A Day in the Life of a Psychiatrist

Dr. Joseph Sadek


I wake up, turn my coffee machine on and open the house door to let my dog go out. In few seconds he is back in again. He goes and hides under the dining room table. I know exactly what is going on. My suspicions are true. He is terrified of my neighbor’s cat and I look outside and she is right outside the door. Now my scary, guard poodle dog is waiting for a treat. I leave the door open and he runs out again. I am getting ready to go to work.  

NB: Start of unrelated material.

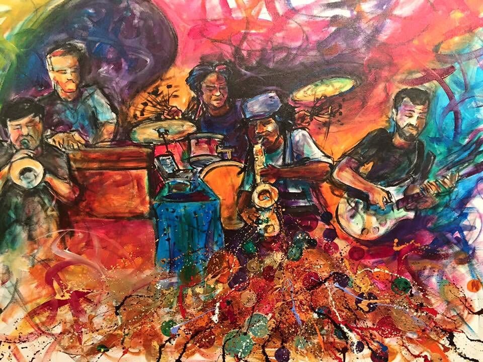 This painting featuring Khris Royal & Dark Matter, Christian Bradford & John Michael Bradford was produced live at the Maple Leaf on Christmas Eve.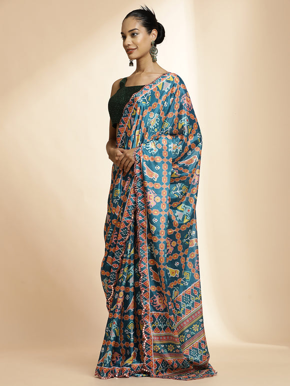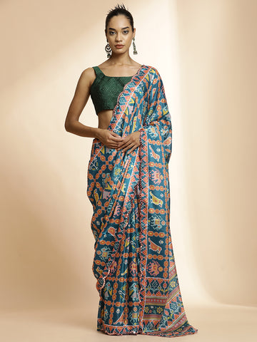 Pure Georgette Patola Mirror Teal Tie-Dye Saree Sale price₹ 1,319 Regular price₹ 3,399Save 61%

I am in the ECT (Electroconvulsive Therapy) room inside Nova Scotia Hospital. Today I will give ECT to 22 patients. ECT experience is wonderful. You see people getting better to a degree that changes the quality of their lives so much. People who were determined to end their own lives are happy and grateful to be alive. People who lost touch with others are back socializing and enjoying their families and friends. People who were hearing disturbing voices are no longer hearing them. I meet the staff bringing patients and asking them how they are doing. I become thrilled how well they do after few treatments. ECT makes my day brighter and happier. It is a great start of the day.


I am inside the Mayflower unit. My psychiatry resident, medical student and nurse meet me at the interview room. We take the charts and discuss how my patients did the previous day and then start meeting them one by one. I take the opportunity to quiz my learners and make sure they grasp the knowledge and the skills in each patient encounter.


I have a family meeting. The family is worried about their loved one. He is a young man who is refusing to take medication, attending to voices telling him he is God. He has been so agitated and restless. He hasn’t slept for six days. His father is worried about his Cocaine use and his mother is concerned that he hit his sister. We reviewed together the progression of these symptoms, his level of function before he was ill, their expectations and our plan on how we can help. The patient joined the meeting and said he is not moving to Ontario as he originally said. He continued to say that he does need medications except for marijuana. He asked if we can give him marijuana in the hospital. The nurse explained to him that street drug use is against our treatment plan. The social worker asked him about his living arrangement and he said he plans to live in a shelter. We explained to him that we can help him find a better place to live. The meeting took an hour and a half.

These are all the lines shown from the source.